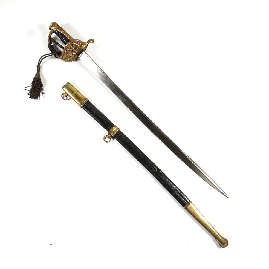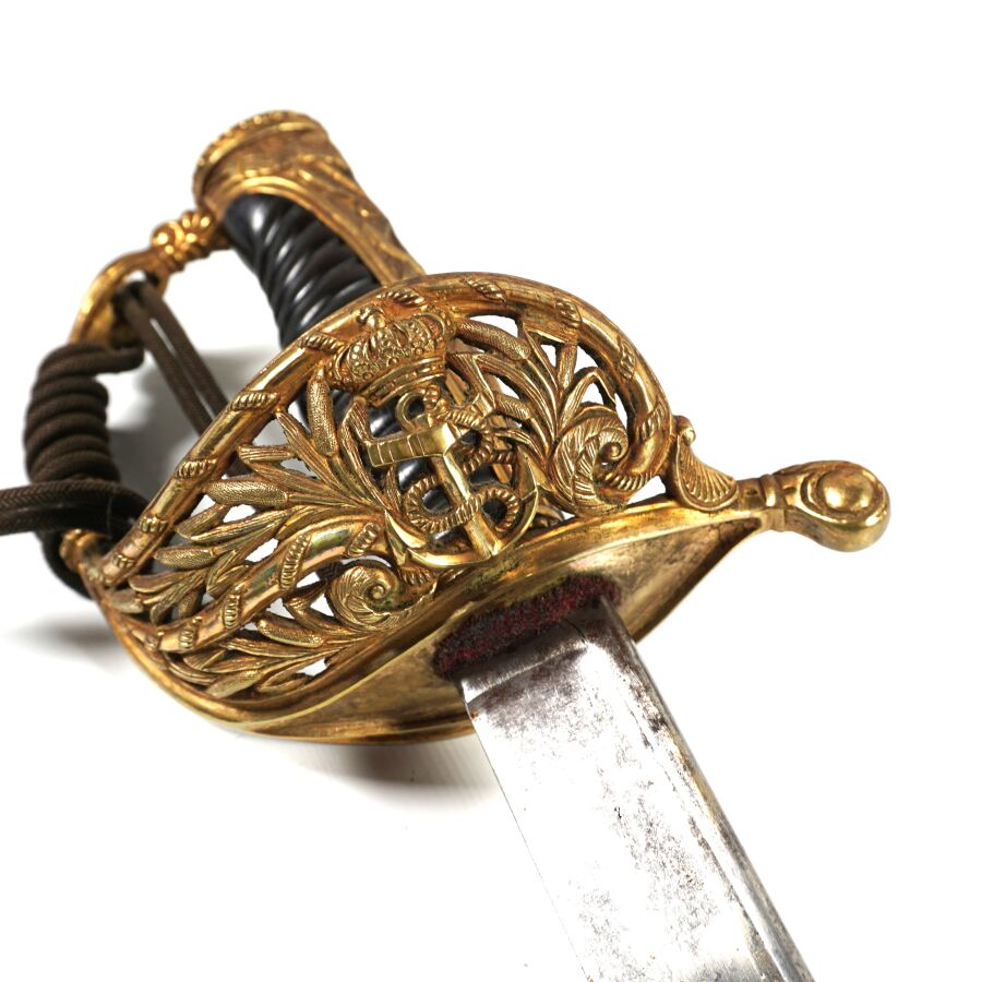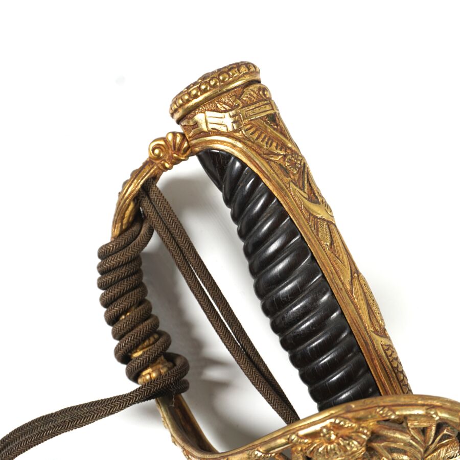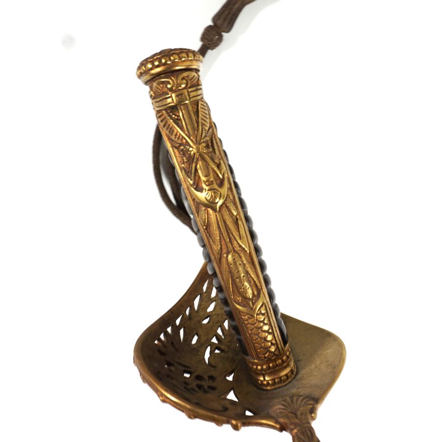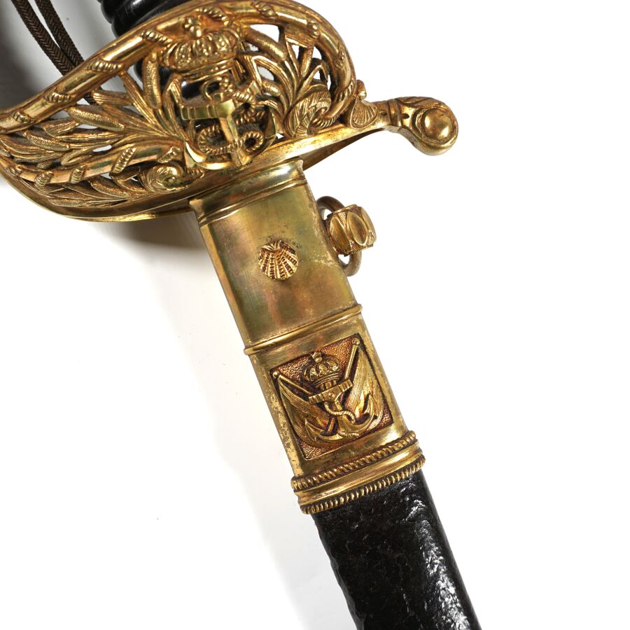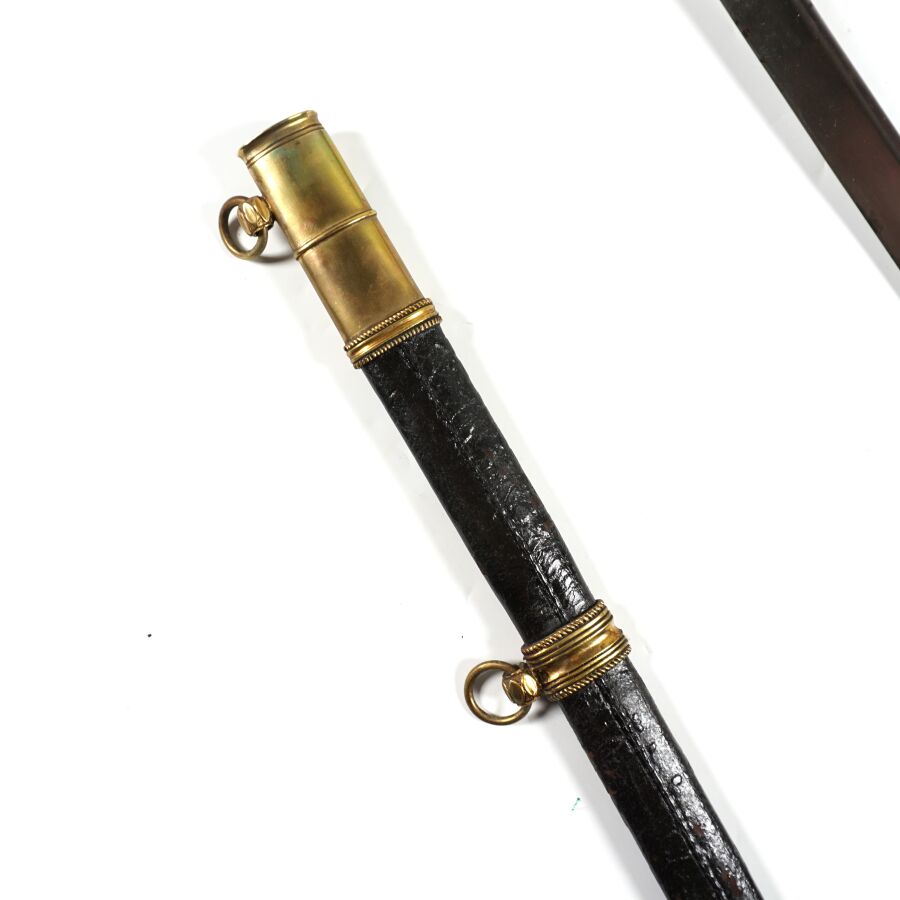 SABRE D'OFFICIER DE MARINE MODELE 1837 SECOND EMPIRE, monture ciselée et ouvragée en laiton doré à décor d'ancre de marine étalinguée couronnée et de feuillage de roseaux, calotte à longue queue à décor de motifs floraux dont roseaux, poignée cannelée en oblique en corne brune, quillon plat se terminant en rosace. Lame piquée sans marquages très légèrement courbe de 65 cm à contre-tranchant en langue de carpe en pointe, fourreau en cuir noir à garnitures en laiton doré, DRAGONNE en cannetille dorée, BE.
* * *
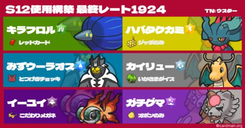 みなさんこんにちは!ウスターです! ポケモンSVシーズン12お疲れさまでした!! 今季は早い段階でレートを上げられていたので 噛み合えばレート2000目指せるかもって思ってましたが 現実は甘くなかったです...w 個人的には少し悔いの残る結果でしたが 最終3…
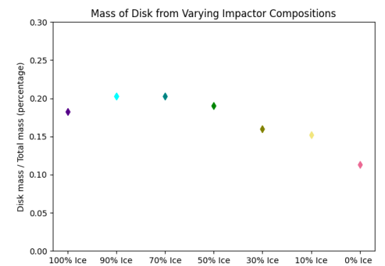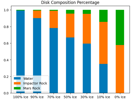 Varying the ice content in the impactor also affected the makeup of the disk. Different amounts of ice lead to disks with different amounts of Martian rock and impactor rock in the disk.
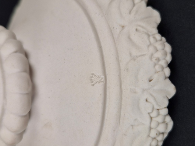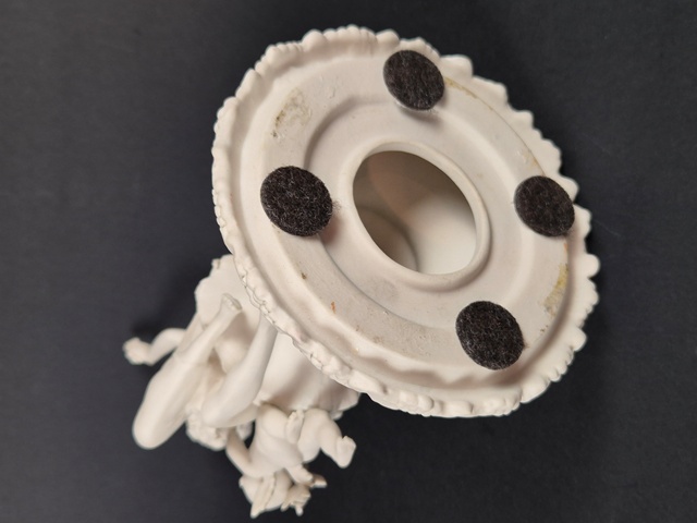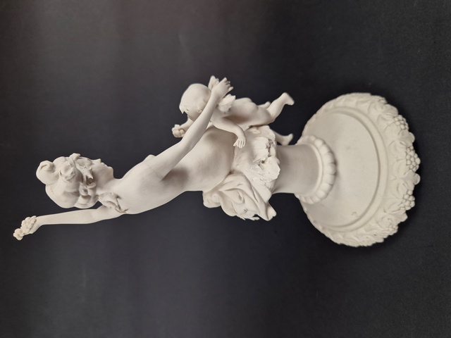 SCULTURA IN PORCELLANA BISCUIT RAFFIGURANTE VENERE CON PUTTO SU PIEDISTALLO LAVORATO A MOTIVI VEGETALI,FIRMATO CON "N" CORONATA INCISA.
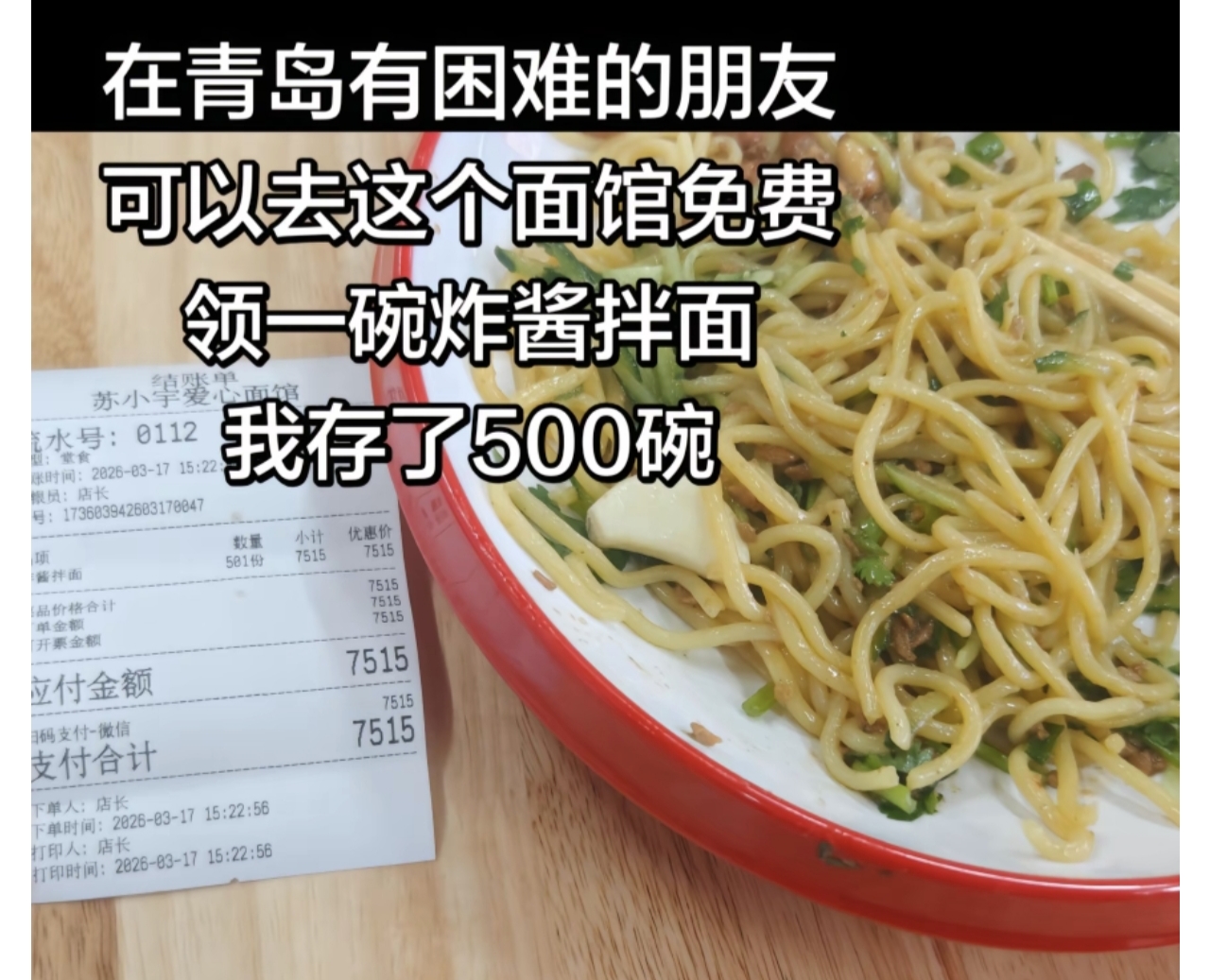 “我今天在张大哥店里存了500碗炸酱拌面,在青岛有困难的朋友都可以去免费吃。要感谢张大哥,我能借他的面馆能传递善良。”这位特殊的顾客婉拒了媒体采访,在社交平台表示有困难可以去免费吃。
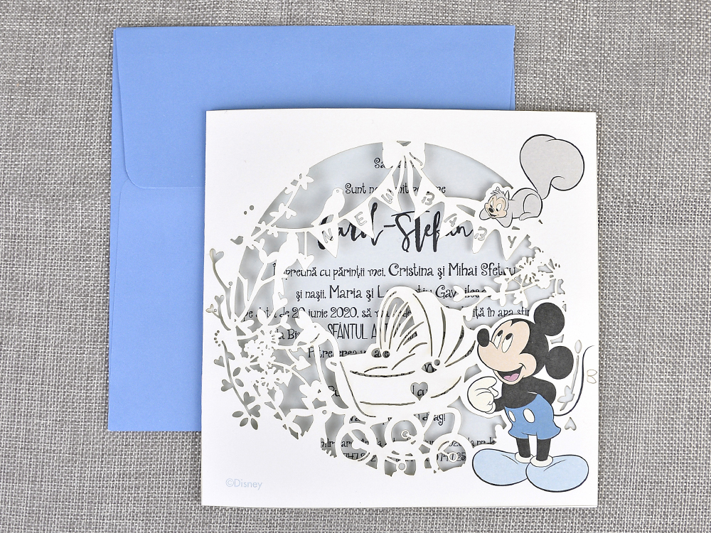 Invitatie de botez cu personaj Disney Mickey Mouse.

- _Try it_
Look above for the line with "Varying the ice" and the line with "Invitatie de botez", then copy exactly the lines from the first through the second, both kept, with no pictures.

- _Output below_
 Varying the ice content in the impactor also affected the makeup of the disk. Different amounts of ice lead to disks with different amounts of Martian rock and impactor rock in the disk.
 SCULTURA IN PORCELLANA BISCUIT RAFFIGURANTE VENERE CON PUTTO SU PIEDISTALLO LAVORATO A MOTIVI VEGETALI,FIRMATO CON "N" CORONATA INCISA.
 “我今天在张大哥店里存了500碗炸酱拌面,在青岛有困难的朋友都可以去免费吃。要感谢张大哥,我能借他的面馆能传递善良。”这位特殊的顾客婉拒了媒体采访,在社交平台表示有困难可以去免费吃。
 Invitatie de botez cu personaj Disney Mickey Mouse.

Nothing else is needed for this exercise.